Smith and Brown left "Camp Lyon," before the completion of the "dress parade," with a him consciousness of being painfully disenchanted in a very important particular.

"Do you know, Smith" said Brown, as they were rolling along in the car, homeward—"that I doubt whether there are three hundred men in that regiment, absentees and all—instead of seven hundred as the papers report?"

"Humph," said Smith, "it seems to be all a humbug together! But I wonder what becomes of the extra pay issued to seven hundred men, when there are only three hundred entitled to receive it?
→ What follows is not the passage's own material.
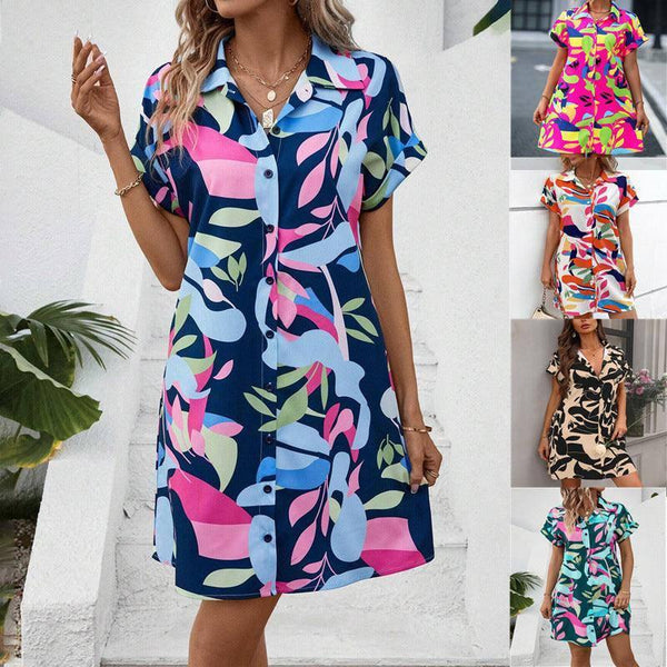 Új virágos nyomtatás rövid ujjú ing ruha nyári divat
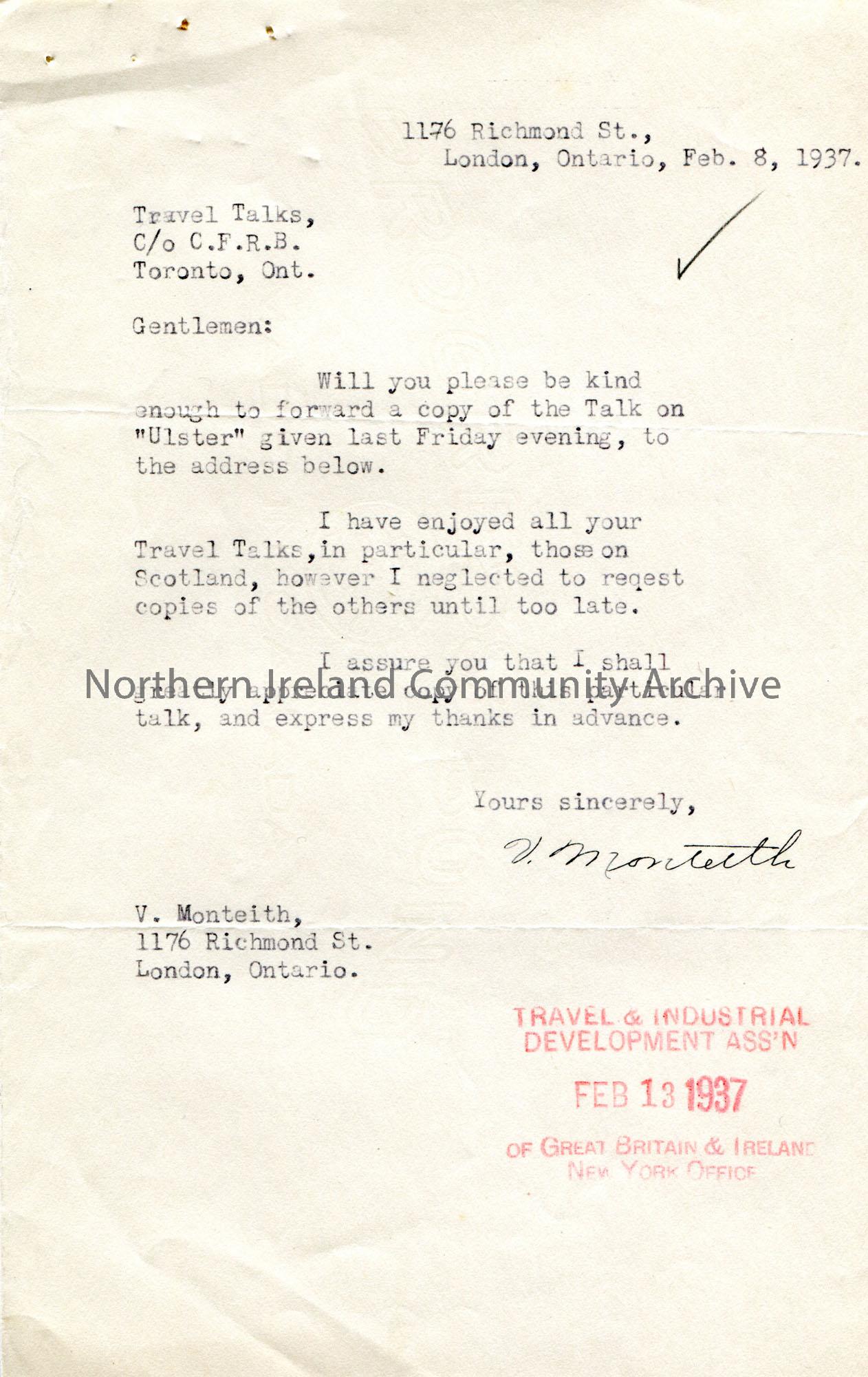 Typed letter to Radio Station C.F.R.B. Toronto from V. Monteith. Requests copy of a Talk on Ulster given on Friday evening over the station.

And I wonder what becomes of all the extra rations that are drawn for them every day? Somebody must be making something out of it—eh? I wonder if there are any more regiments in the same condition?"

"Probably!" said Brown. Whereupon the two citizens fell into a very deep and silent train of thought, leaving us no additional speech to record.

Other people than Smith, at about that time, felt like propounding the same queries as to the disposition of extra pay and rations. Some of those queries, whichhavebeen propounded, have not yet been answered. When they are, if that happy period ever arrives, we may know something more of the channels and sluices through which the wealth of the richest nation on the globe has ebbed away, leaving such inconsiderable results to show for the expenditure.

And yet Colonel Egbert Crawford, visiting the city two hours afterwards, and dropping in at two or three favorite resorts of men who talked horse, war and politics, on his way to the house of his cousin,—bore himself bravely under his weight of uniform, and more than once threw in a pardonable boast over the services he was rendering the country, the sacrifices he was making, and the rapid growth and efficiency of the Two Hundredth Regiment.

"All brass is not fashioned and moulded in foundries, where men do swelter like to those standing in the flames of the fiery furnace," says an old writer, Arnold of Thorndean, "but much of it doth become shaped in the human countenance."